Security
How to limit access to my Document Server?
To prevent an unauthorized access to your documents and the substitution of important parameters in ONLYOFFICE Docs requests, it uses a JSON Web Token (JWT) compatible tokens to ensure security. The tokens are signed by the server key, so the client is able to verify that the token is legitimate.
The token is added in the configuration when initializing ONLYOFFICE Docs and during the exchange of commands between document storage service and document editing service, document command service and document conversion service.
ONLYOFFICE Docs validates the token. If it is valid, the data from the payload is used instead of the corresponding data from the main parameters. If the token is invalid, the command is not executed and no parameters are used or changed.
The token can be sent both in the request header or body.
What's the difference between sending the token in header and in body?
Starting with version 5.2 of ONLYOFFICE Docs it is possible to send token both in the request header and body. The main difference between these two methods is in the length limitation: a HTTP header has length limitation and some servers (such as some NGINX versions) do not accept the requests with the header longer than 4 kilobytes, while other servers restrict the header length to 8–48 kilobytes. In case the header length exceeds these values, the server will return the 413 Entity Too Large error.
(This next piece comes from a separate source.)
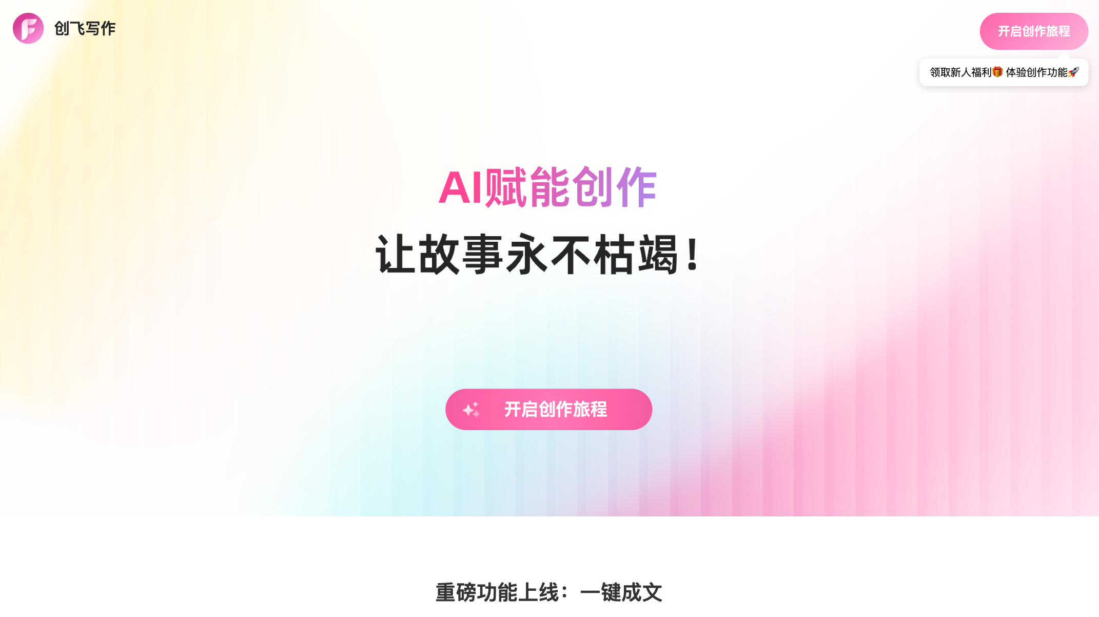 创飞AI是专为网文与小说创作者设计的写作辅助工具。它提供一键成文、大纲扩写、卡文救急、自动润色等功能,帮助解决构思慢、写不长、节奏差等常见问题。支持多种网文风格,操作简单,适合新人作者、网文写手及内容创作者提升写作效率。

To avoid this limitation, sending the token in the request body should be the preferred method of doing this. Starting from version 7.1, the incoming requests use the token in body if it exists. Otherwise, the header token is taken. The outgoing requests use both the token in body and token in header. They can be different. For example, the information about version history can be removed from the header token because of the size limit of the token in header.
See the Request with token in header or Request with token in body sections for more details on this.